One useful OS X feature is the ability to create disk images. A disk image is a single file that, when double-clicked, appears like a typical hard drive to the operating system. (Most software you download comes on a disk image.) Disk images a great way to store related files that you don’t need to use often, as they can be “out of sight” until you need them. They’re also useful if you want to store something securely, as you can create encrypted disk images that require a password to mount.
There are essentially two types of disk images—a normal disk image and a sparse disk image. With a normal disk image, the disk image will consume as much drive space as its size, even when empty—i.e. a 40MB normal disk image requires 40MB of drive space, even if you’ve never used it. Sparse disk images, on the other hand, are disk image files that require just as much space as their contents require. So a 40MB sparse disk image will only need 40MB of drive space if you’ve saved 40MB of data onto it. The disk image will grow automatically as space is required.
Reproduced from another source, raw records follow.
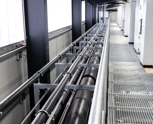 DownloadVersorgungsleitungen von der Kältetechnikanlage (links im Container) zum Voltavision Labor Riemke III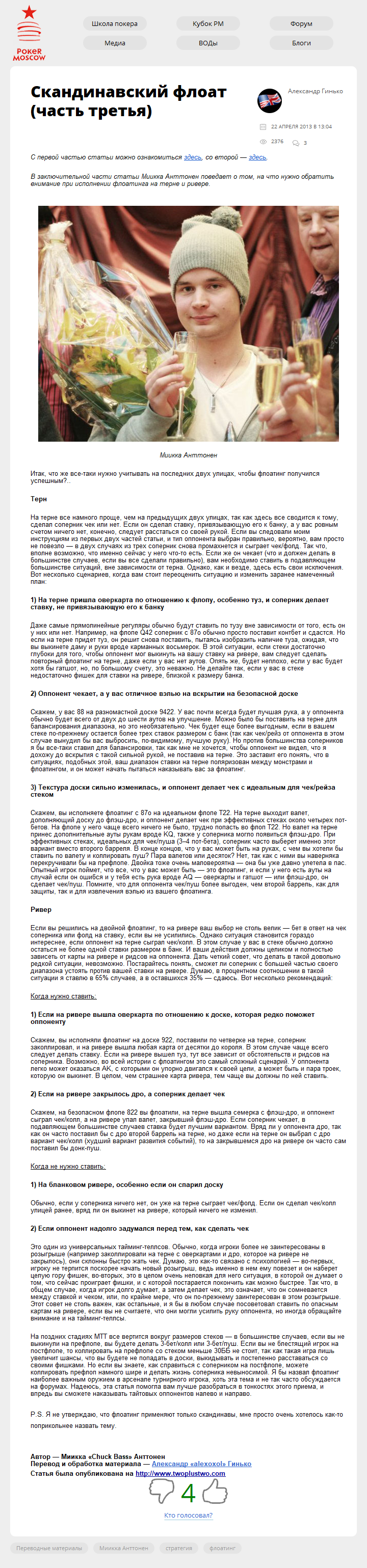 Итак, что же все-таки нужно учитывать на последних двух улицах, чтобы флоатинг получился…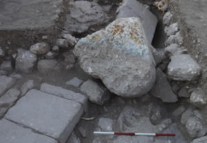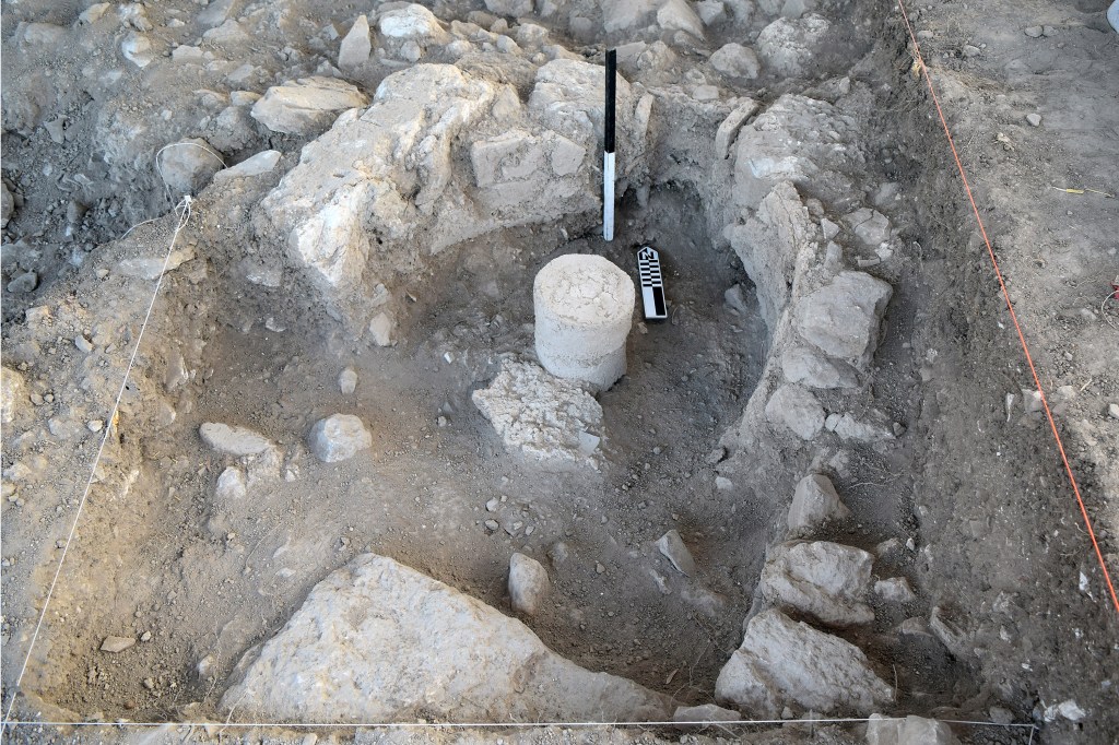 The team dug eight squares in two fields. At the crown of the northern hill the team found remains of a building with plaster floors dating to the second century CE, and the corner of a house that probably dates to the Early Roman period.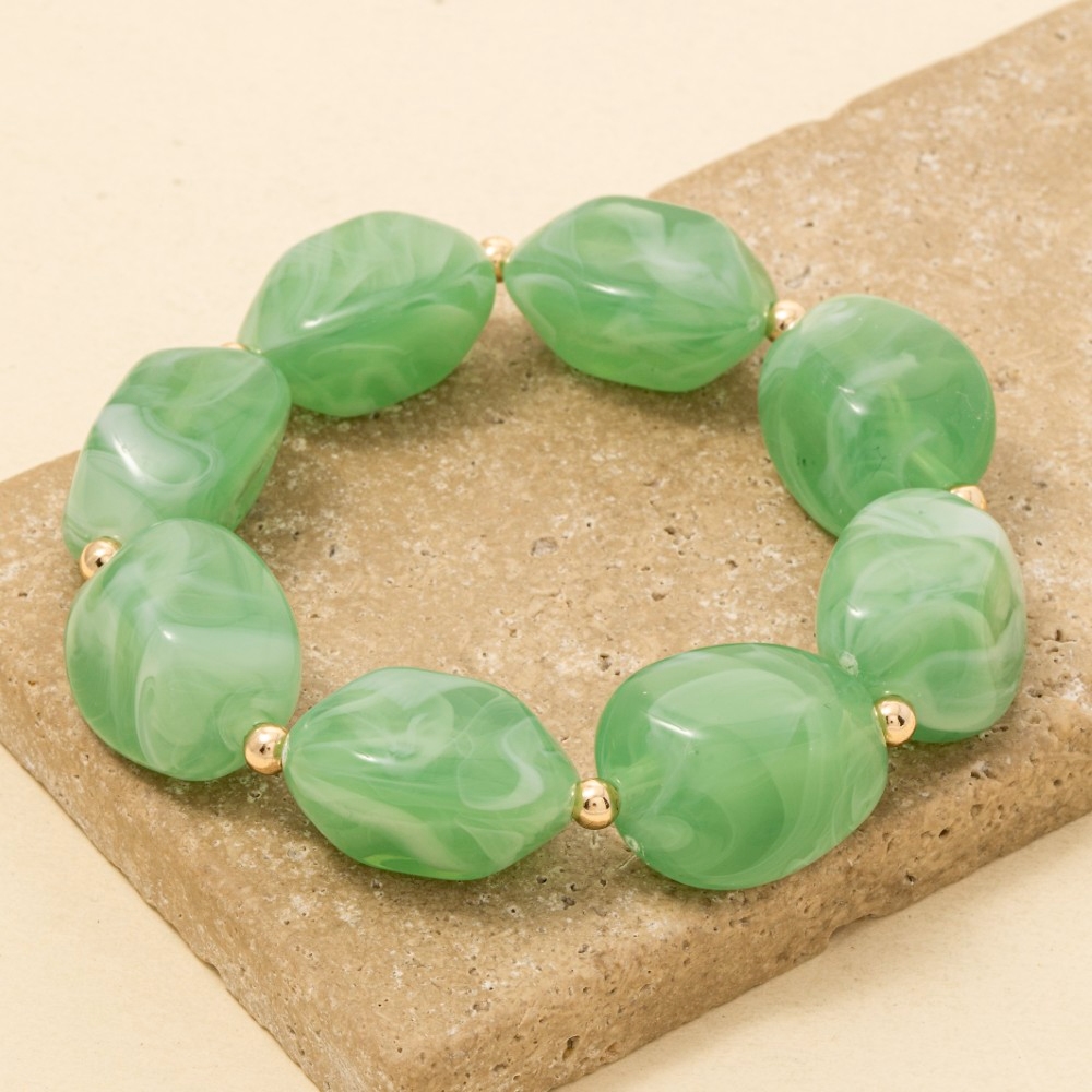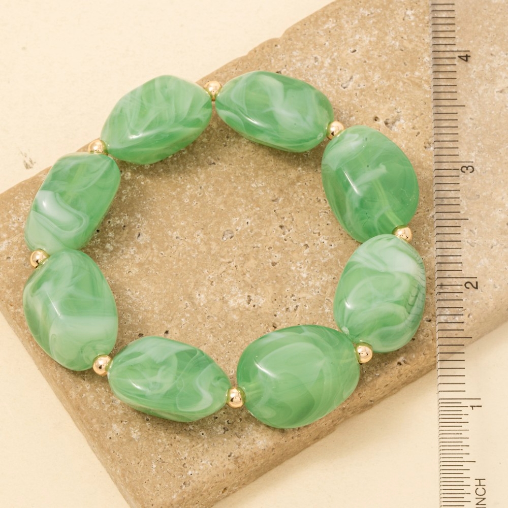 - Perfect for any fashion-forward individual, this bracelet exudes a refined chunky marble resin beaded design. Elevate your fashion ensemble effortlessly with this versatile bracelet, a stylish choice for the modern trendsetter. Available in BPINK, LBLU, LGRN, WHT. This item is sold in packs of 1.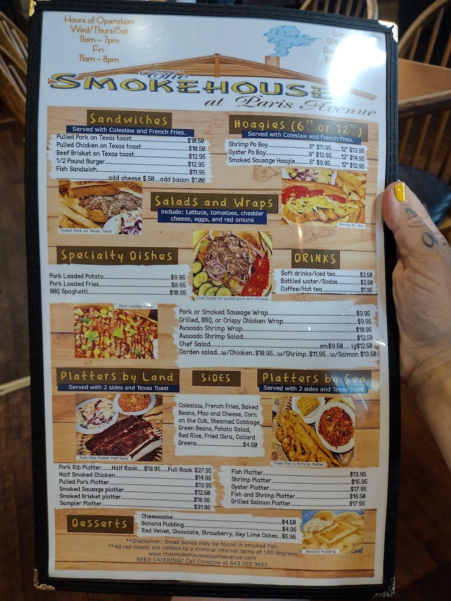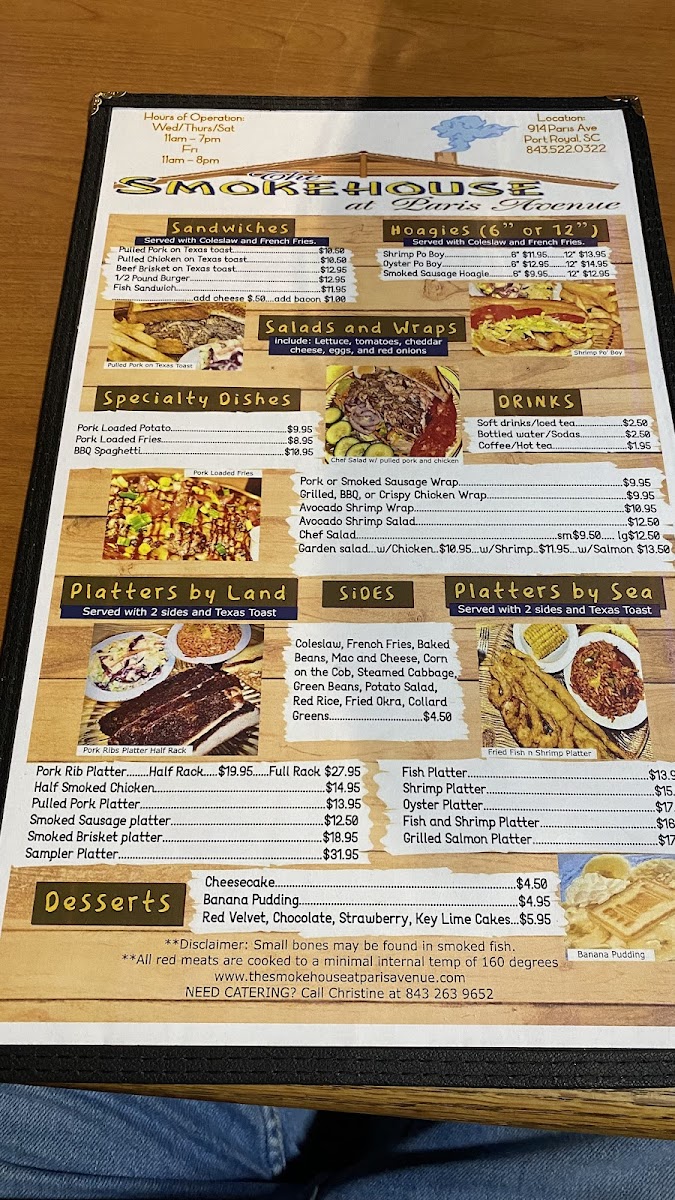 The menu invites diners to settle in and enjoy meals that are rich in smoky, savory flavors without unnecessary fuss—meals designed for sharing good company in a laid-back setting.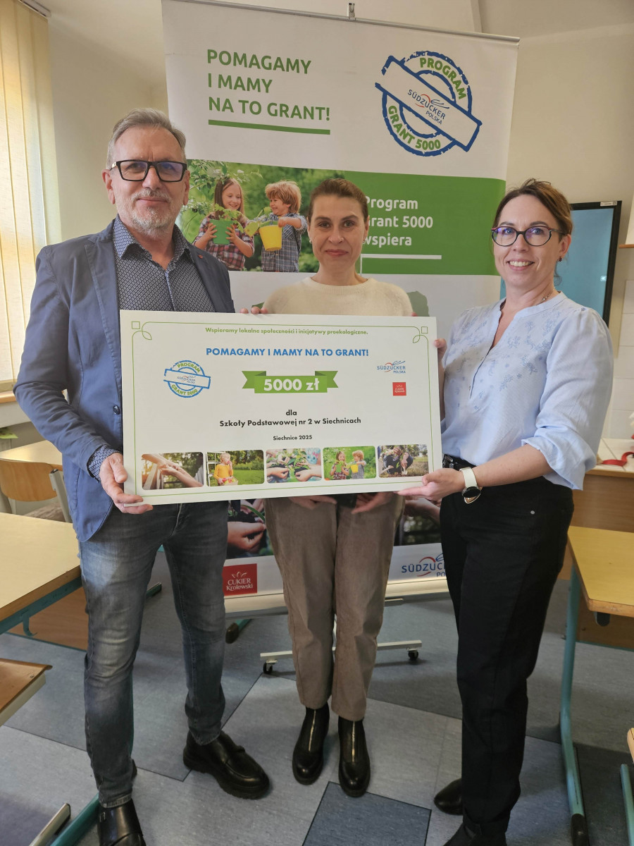 Wśród 6 organizacji, które otrzymały darowiznę podczas tegorocznej, jubileuszowej edycji programu Grant 5000, znalazła się Szkoła Podstawowa nr 2 w Siechnicach, zgłoszona przez pracowniczkę biura Südzucker Polska S.A. we Wrocławiu. Środki placówka ma przeznaczyć na modernizację sali biologiczno-chemicznej: doposażenie jej w wielofunkcyjny miernik jakości powietrza, zestaw do badania wody, a także pomoce dydaktyczne takie jak tablice ścienne i modele strukturalne pierwiastków. Nowe przyrządy mają pokazać dzieciom, że związki chemiczne tworzą otaczający ich świat oraz uświadomić je, że czyste środowisko naturalne można budować codziennymi decyzjami.

However, while sparse disk images can grow automatically as needed, they cannot shrink automatically. So if you add 40MB of data to the image, then delete that same data, the sparse disk image will still require 40MB of drive space. Using Terminal, you can shrink sparse disk images to free up this wasted space. Just
to the directory containing the sparse image (make sure it’s not mounted), and then issue this command:
hdiutil compact "Name of file.sparseimage"
But using Terminal is a bit of a pain. A much nicer solution is to use Automator to build a Finder plug-in, so you can compact your sparse images via the Finder’s contextual menu. And it’s a very simple Automator workflow that needs to be built, consisting of only two steps.
Start by launching Automator, which you’ll find in /Applications -> Utilities. In the Library column, click on Finder, and then drag Get Selected Finder Items from the Action column into the blank work area on the right. For the second step, click on the Automator entry in Library, and then drag Run Shell Script into the work area, below the existing command. In the work area for the Run Shell Script action, set the Shell pop-up to /bin/bash (it should be that by default), and set Pass Input to “as arguments” (which is not the default). Where you see the existing script (
for f in…, etc.
), erase all of it, and replace it with this one line:
hdiutil compact "$@"
That’s it—that’s the entire workflow. Choose File -> Save as Plug-In, and in the new dialog that appears, name your workflow ( Compact sparse image , or whatever you want to see in the contextual menu), and make sure the Plug-in For pop-up is set to Finder (the default). Click Save and you’re done.
To use your workflow, select a sparseimage file in the Finder (make sure the disk image is not mounted), control-click on it, and then choose Automator -> Compact Sparse Image (or whatever you named your workflow) from the pop-up menu. The workflow will run (you’ll see its progress in the menu bar), and any free space on your sparse disk image will be released.